- **Dataset section**:

★ ★ ★ ★

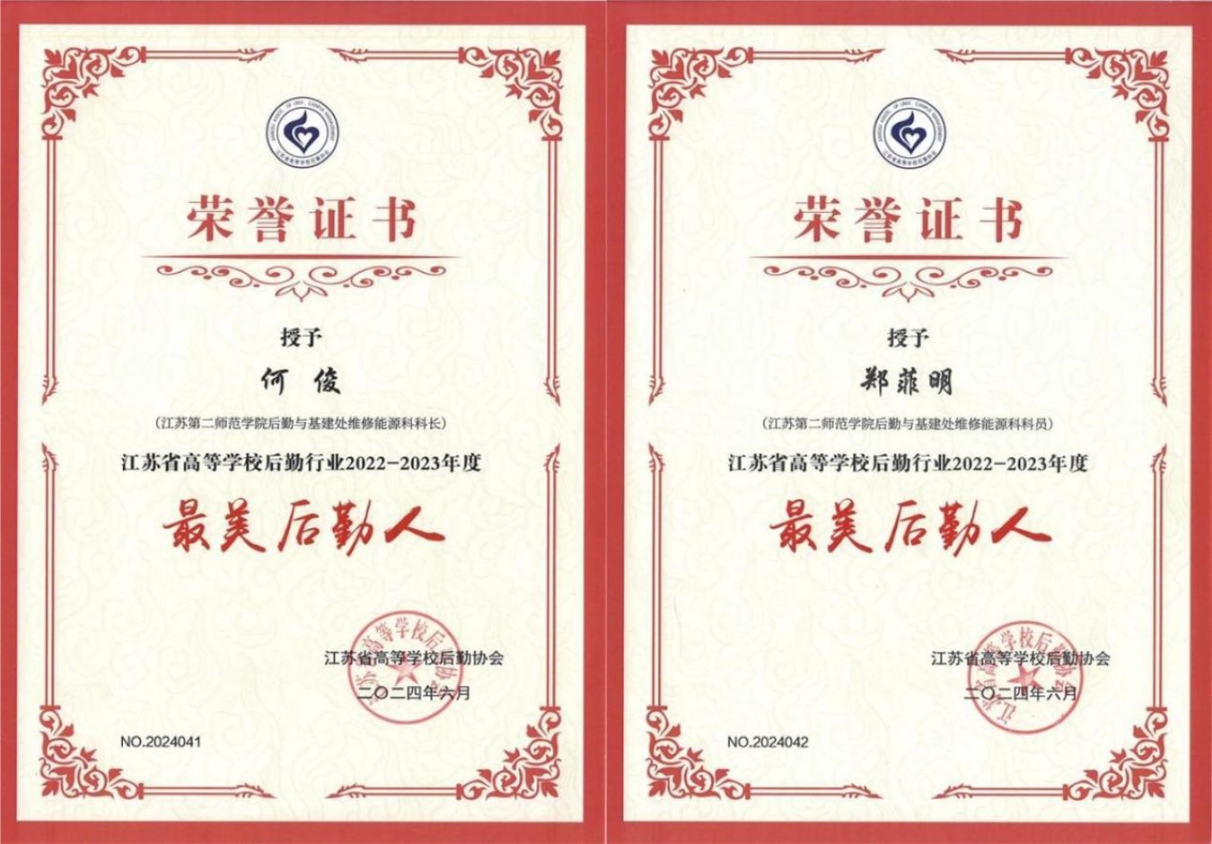 何俊、郑菲明两位同志获评“江苏省高校后勤行业2022-2023年度最美后勤人”。
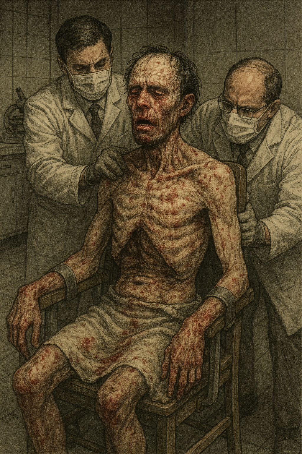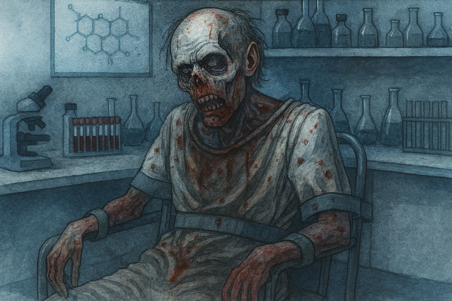 - Да как ты... В-военные пришли! Они привели какую-то тварь с поверхности и наказали нам найти способ её вылечить. Ну или изучить поскорее. - Джим не стал вновь меня тянуть и пошёл в лабораторию, а я же неспешно вернулся в свою комнату, чтобы надеть свою чистую форму и привести волосы в порядок. Через какое-то время я пошёл в лабораторию. Уже по пути туда я почувствовал какой-то странный, противный запах гниения, что совсем не присущи ни одной из известной мне форме существ. Даже разлагающие бактерии пахнут иначе. Тяжелый запах, который попросту невозможно ни с чем спутать... густой, сладковато-приторный запах. Когда я вошёл в лабораторию, то увидел своих коллег, на них была защитная одежда и респираторные маски, а после я увидел его... пожилой мужчина, в рваной одежде. Он сидел прикованный к стулу. Не знаю кто, но его приковали довольно крепко, подобные приспособления я видел лишь в фильмах, когда работали с "особо буйными" в психиатрических отделениях. Меня сразу предупредили, что не стоит с ним играть, ведь это может быть опасным.
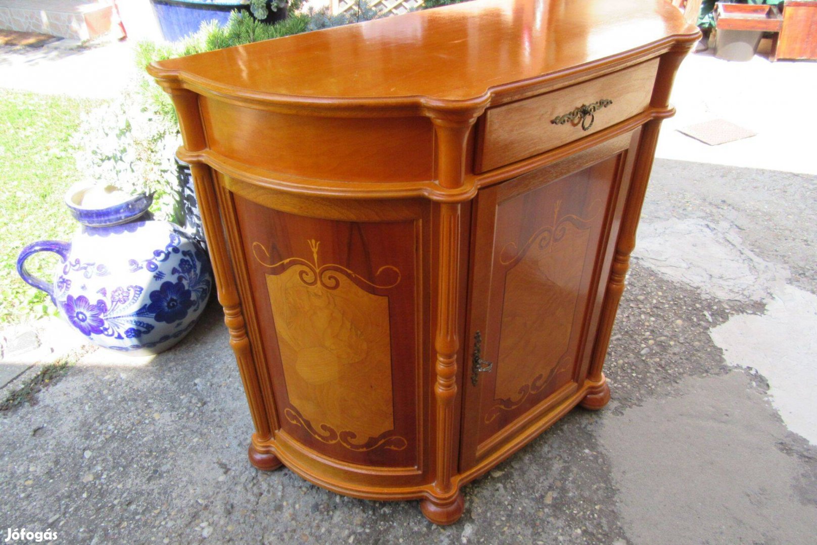 Elegáns 1 fiókos 1 ajtós intarziás komód , stabil fa szerkezettel, szép állapotban, lásd fotók. 90 cm magas, 100 cm széles ,40 cm mély.

★ ★ ★ ★

- **Exercise requirements**: Once the pictures are set aside, please output all the data word for word.

- **Finished task**:
 何俊、郑菲明两位同志获评“江苏省高校后勤行业2022-2023年度最美后勤人”。
 - Да как ты... В-военные пришли! Они привели какую-то тварь с поверхности и наказали нам найти способ её вылечить. Ну или изучить поскорее. - Джим не стал вновь меня тянуть и пошёл в лабораторию, а я же неспешно вернулся в свою комнату, чтобы надеть свою чистую форму и привести волосы в порядок. Через какое-то время я пошёл в лабораторию. Уже по пути туда я почувствовал какой-то странный, противный запах гниения, что совсем не присущи ни одной из известной мне форме существ. Даже разлагающие бактерии пахнут иначе. Тяжелый запах, который попросту невозможно ни с чем спутать... густой, сладковато-приторный запах. Когда я вошёл в лабораторию, то увидел своих коллег, на них была защитная одежда и респираторные маски, а после я увидел его... пожилой мужчина, в рваной одежде. Он сидел прикованный к стулу. Не знаю кто, но его приковали довольно крепко, подобные приспособления я видел лишь в фильмах, когда работали с "особо буйными" в психиатрических отделениях. Меня сразу предупредили, что не стоит с ним играть, ведь это может быть опасным.
 Elegáns 1 fiókos 1 ajtós intarziás komód , stabil fa szerkezettel, szép állapotban, lásd fotók. 90 cm magas, 100 cm széles ,40 cm mély.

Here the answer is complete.